*SUPPLIED DATA*
———
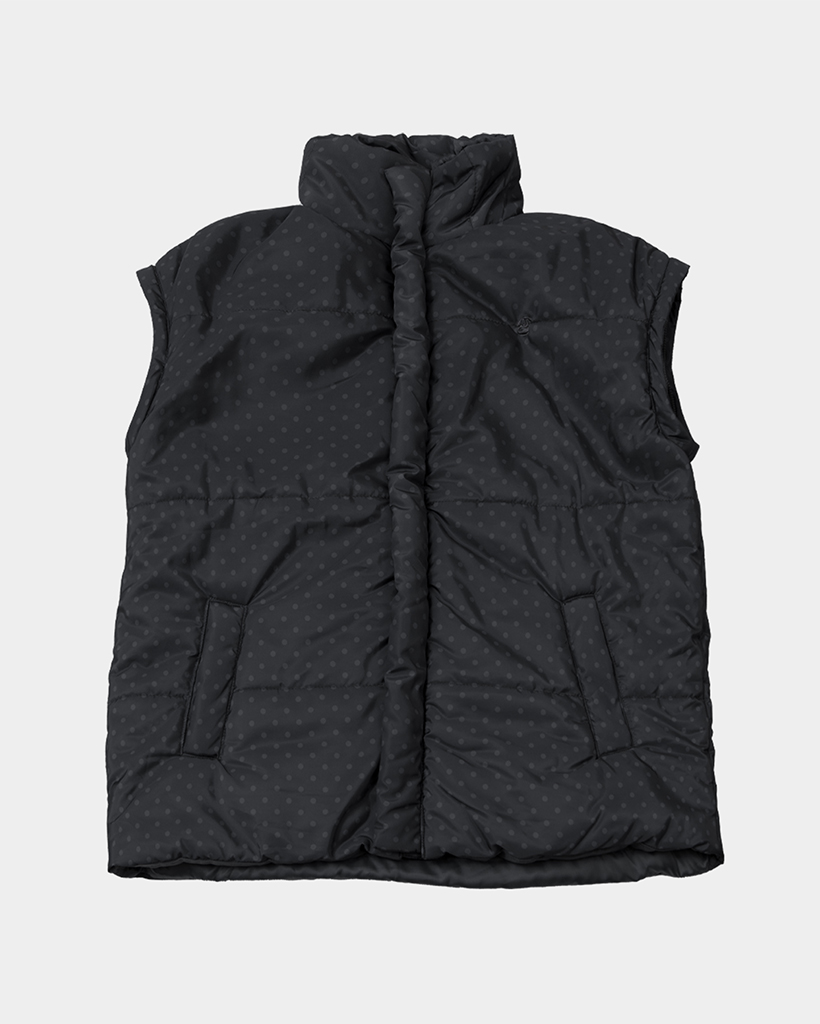 Dot Snow Sleeve Detachable Two-Way Vest Puffer Padded Jumper [Black]
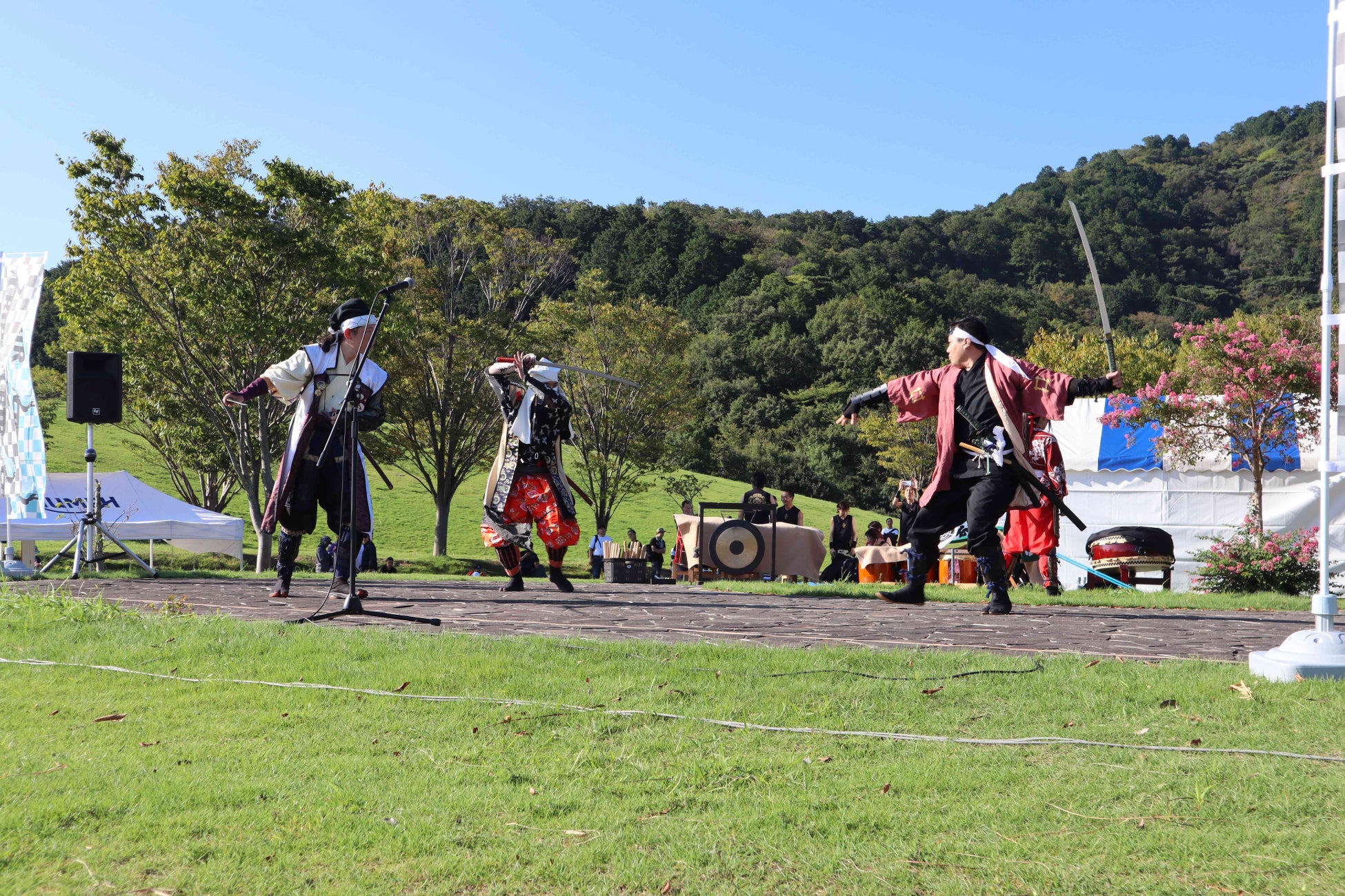 8時から始まったスタートセレモニーでは、オープニングアクトとしてあづち信長出陣太鼓のみなさんによる演奏、そしてひこね武将隊による出陣式が披露されました。
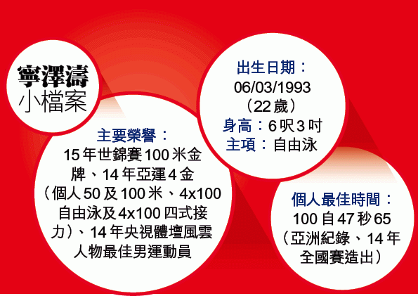 亞洲泳手受先天條件所限,爆發力不及西方選手,故多數只能在較長途的項目爭牌;寧澤濤周四卻在短途的100米自由泳為黃種人吐氣揚眉。身高六呎三吋的寧澤濤,在決賽以0.11秒之微力壓比他矮三吋的澳洲新星麥伊禾,摘下代表着世界冠軍頭銜的金牌;阿根廷的加比治獲得一面銅牌,倫奧冠軍艾安恩僅與另一選手並列第七。
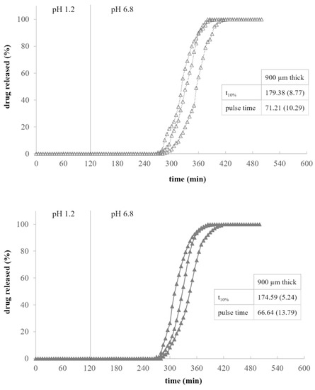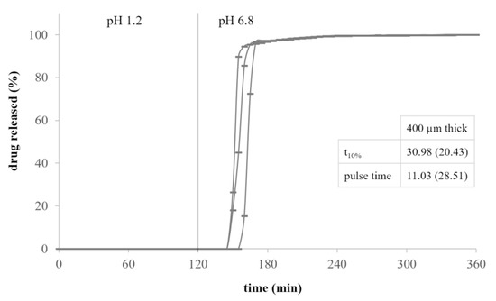 As expected, upon immersion in aqueous fluids, the formation of a gel layer around the HPC-based shells was observed. The gel underwent slow dissolution/erosion phenomena, which hindered the penetration of the solvent into the cavity and deferred the liberation of the drug tracer. Lag time (i.e., t10%) and duration of release (i.e., pulse time) turned out to be dependent on the shell thickness. Indeed, increasing it from 600 to 900 µm, the lag time was extended of approximately 50 min. The pulse time was in both cases less than 10 min, pointing out that, once the first opening of the shell occurred, the thickness of the polymeric barrier to be dissolved/eroded would not mainly affect the time needed to complete the liberation of the conveyed formulation.
———
*WORK REQUEST*
Repeat the listing word for word, and skip every picture it contains.

*SOLUTION FOR THIS TASK*
 Dot Snow Sleeve Detachable Two-Way Vest Puffer Padded Jumper [Black]
 8時から始まったスタートセレモニーでは、オープニングアクトとしてあづち信長出陣太鼓のみなさんによる演奏、そしてひこね武将隊による出陣式が披露されました。
 亞洲泳手受先天條件所限,爆發力不及西方選手,故多數只能在較長途的項目爭牌;寧澤濤周四卻在短途的100米自由泳為黃種人吐氣揚眉。身高六呎三吋的寧澤濤,在決賽以0.11秒之微力壓比他矮三吋的澳洲新星麥伊禾,摘下代表着世界冠軍頭銜的金牌;阿根廷的加比治獲得一面銅牌,倫奧冠軍艾安恩僅與另一選手並列第七。
 As expected, upon immersion in aqueous fluids, the formation of a gel layer around the HPC-based shells was observed. The gel underwent slow dissolution/erosion phenomena, which hindered the penetration of the solvent into the cavity and deferred the liberation of the drug tracer. Lag time (i.e., t10%) and duration of release (i.e., pulse time) turned out to be dependent on the shell thickness. Indeed, increasing it from 600 to 900 µm, the lag time was extended of approximately 50 min. The pulse time was in both cases less than 10 min, pointing out that, once the first opening of the shell occurred, the thickness of the polymeric barrier to be dissolved/eroded would not mainly affect the time needed to complete the liberation of the conveyed formulation.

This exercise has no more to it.